**What the task requires**
Pictures appear among the records below and must be omitted. Repeat exactly the lines from the line with "Total Sales has" to the line with "Vienna Regulator unsigned", both included.

**Dataset content**
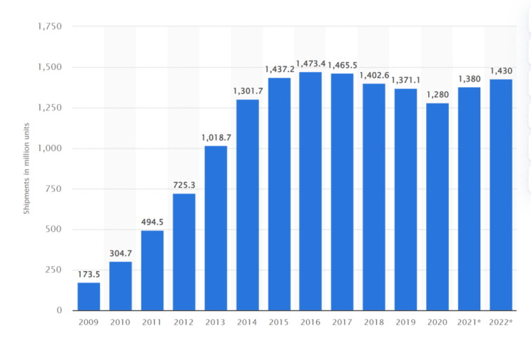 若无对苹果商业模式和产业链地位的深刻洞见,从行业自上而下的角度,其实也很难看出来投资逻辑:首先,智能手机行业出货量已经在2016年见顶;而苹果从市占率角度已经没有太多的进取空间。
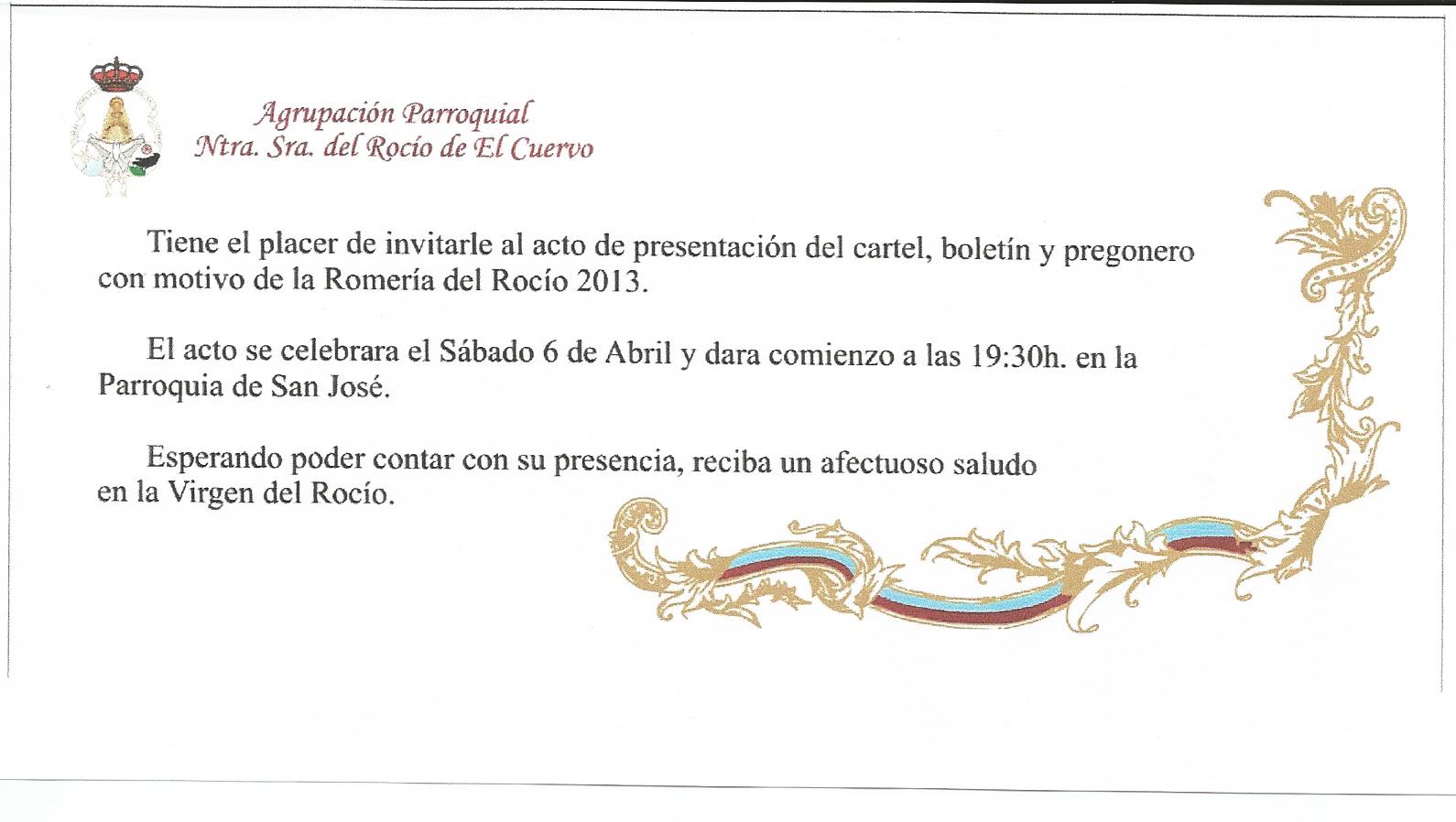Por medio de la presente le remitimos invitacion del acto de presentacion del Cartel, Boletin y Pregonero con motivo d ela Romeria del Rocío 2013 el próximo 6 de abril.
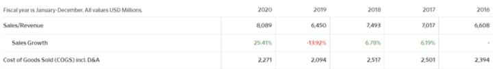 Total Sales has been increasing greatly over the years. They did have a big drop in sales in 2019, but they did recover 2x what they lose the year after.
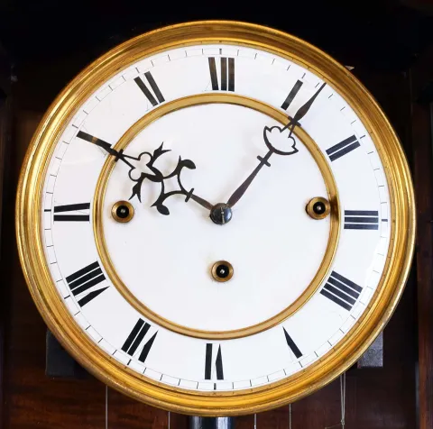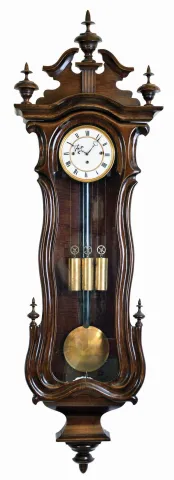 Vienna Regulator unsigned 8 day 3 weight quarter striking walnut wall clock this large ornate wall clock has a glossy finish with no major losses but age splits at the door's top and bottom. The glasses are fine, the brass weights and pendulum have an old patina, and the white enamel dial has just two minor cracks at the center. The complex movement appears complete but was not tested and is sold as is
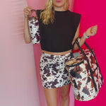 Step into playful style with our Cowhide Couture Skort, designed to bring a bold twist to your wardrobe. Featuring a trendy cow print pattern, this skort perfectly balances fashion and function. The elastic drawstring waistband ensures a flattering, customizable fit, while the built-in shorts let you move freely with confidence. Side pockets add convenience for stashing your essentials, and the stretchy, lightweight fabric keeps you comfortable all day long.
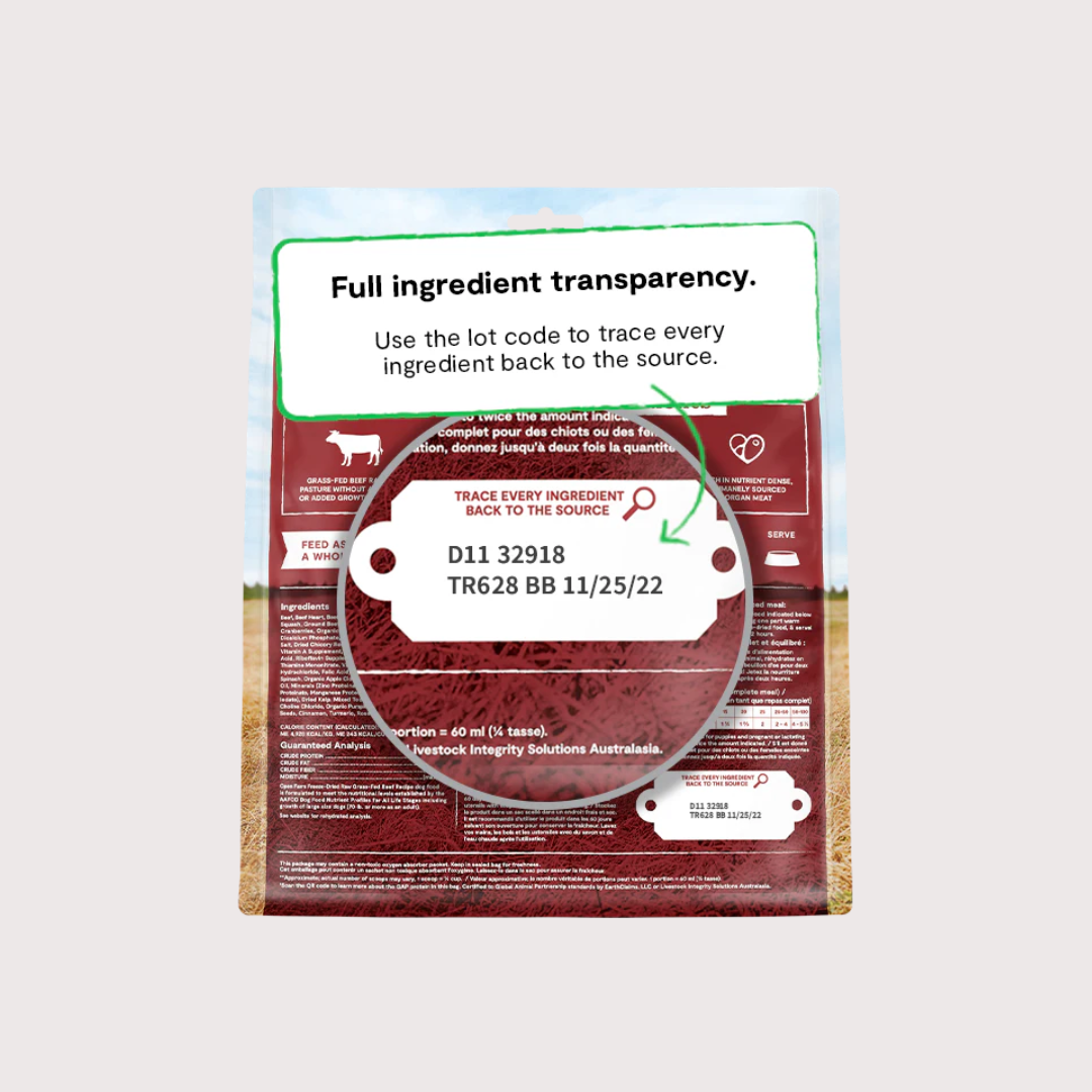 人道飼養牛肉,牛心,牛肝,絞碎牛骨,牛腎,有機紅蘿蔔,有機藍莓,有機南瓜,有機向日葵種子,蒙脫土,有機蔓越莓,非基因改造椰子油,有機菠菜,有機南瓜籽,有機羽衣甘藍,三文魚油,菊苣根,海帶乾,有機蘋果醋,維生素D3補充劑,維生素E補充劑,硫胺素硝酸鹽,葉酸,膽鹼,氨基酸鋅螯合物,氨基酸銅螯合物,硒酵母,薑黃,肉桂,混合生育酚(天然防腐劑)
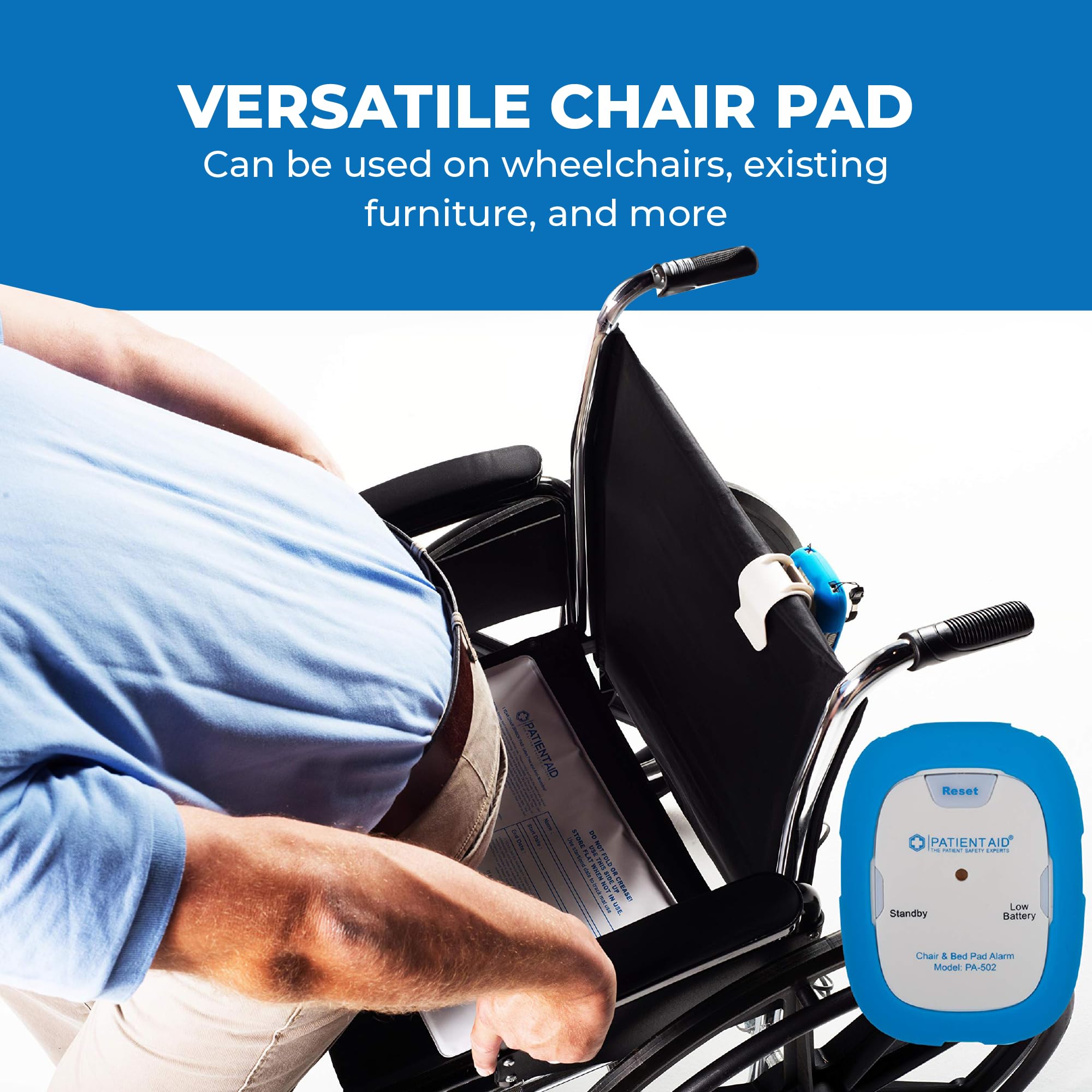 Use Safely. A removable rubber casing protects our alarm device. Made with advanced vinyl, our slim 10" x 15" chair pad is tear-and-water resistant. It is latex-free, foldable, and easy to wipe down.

**Problem solution**
 Total Sales has been increasing greatly over the years. They did have a big drop in sales in 2019, but they did recover 2x what they lose the year after.
 Vienna Regulator unsigned 8 day 3 weight quarter striking walnut wall clock this large ornate wall clock has a glossy finish with no major losses but age splits at the door's top and bottom. The glasses are fine, the brass weights and pendulum have an old patina, and the white enamel dial has just two minor cracks at the center. The complex movement appears complete but was not tested and is sold as is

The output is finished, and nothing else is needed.